The National Institute of Statistics (INE) corrected February Inflation this Friday by announcing that prices truly increased by 7.6%, the greatest increase since December 1986, in which IPC rebounded an 8,
3%.
The INE had advanced at the close of February that the consumer price index (CPI) had risen 7.4% year-on-year in the month of February, record since 1989, by unparalleled energy and the rise in prices of
Food and other goods and services.
The costs associated with housing, such as electricity, were the main responsible for the increase when shooting 25.4% in February;
followed by the price of transport (+ 12.8%) for the increase of gasoline and diesel;
and non-alcoholic foods and beverages (+ 5.6%).
Within the supermarket, highlighted the rise of bread and cereals.
The INE has not made any change on the evolution of underlying inflation – which does not take into account the price of fresh food or energy products – leaving it at 3%, the highest rate since September 2008, which is
Matches more than four and a half points below that of the general IPC.

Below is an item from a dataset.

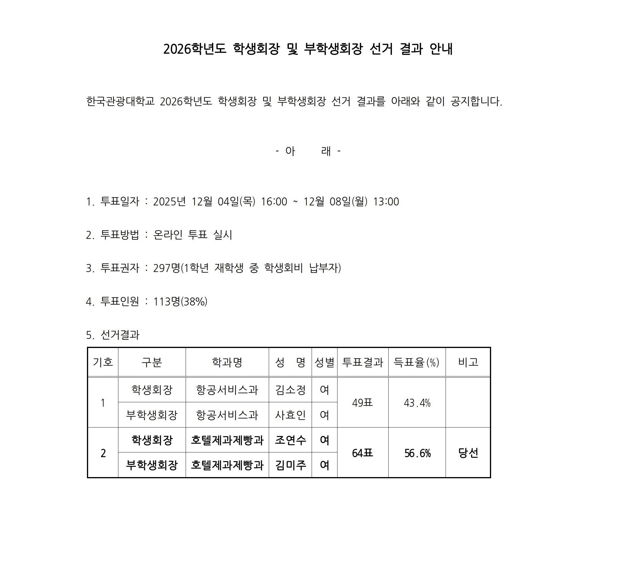 2026학년도 학생회장 및 부학생회장 선거 결과

All the Spaniards suffered a considerable price rise in February, although those who noticed it most were the Spanish-stain, with a 9% CPI;
Followed by the Aragonese and Castellanoleones, which prices rose 8.5%.
Extremos and riojanos are followed (8.1%) and the Galicians (8%).
The autonomous communities and cities that had a lighter advance of the IPC were Canarias and Ceuta (6.8%), the Community of Madrid (6.9%) and Catalonia (7.4%).
According to the INE, if the Government had not approved fiscal measures such as the lowency of energy tax, the CPI would have increased by 8.5%, nine tenths, as it collects in its index to constant taxes.
The increase in inflation, which began its ascending path in October 2021 by the imbalance between supply and demand derived from the pandemic, has aggravated since February 25 Vladimir Putin ordered the invasion of Ukraine, causing the price of gas
It was fired at uncertainty by its supply and that the price of some products from which Russia and Ukraine are also the main exporters, such as cereals and feed.
The Spaniards noticed in their pockets the rise of electricity price – which this week has pulverized the record of the 700 euros the megawatt / hour – of gasoline – which is already paid in Spain to more than 2 euros the liter after uploading
36% – and from the shopping basket – with a year-on-year rise of food 21% -.
With this, they assume a loss of unprecedented purchasing power.
Inflation has become the first threat to the world economy, as the European Central Bank (ECB) has already demonstrated by hardening its monetary policy.
According to this institution, the average IPC of the eurozone could be 5.1% this year but, in the worst case, if the war worsen, it could reach 7.1%.
Raymond Torres, director of economic analysis of the operating economists panel, has already warned that the CPI could reach 8% in March and 9% in April and May, but, in case the war in Ukraine is perpetuated and
The international supply of Russian gas is cut – if the West decides to stop buying it or if Vladimir Putin stops selling it in retaliation to sanctions – then inflation could reach 10%.
The psychological barrier of the two inflation digits would be broken and the battle between workers and entrepreneurs would be recruited by the wage rise.
Faced with this possible scenario, the Government insists that a “Revenue Pact” is necessary in the country, to distribute the costs of war and avoid excess salaries and final prices that companies charge.
Only then, they say, a spiral inflationary could be avoided that would put economic recovery in check.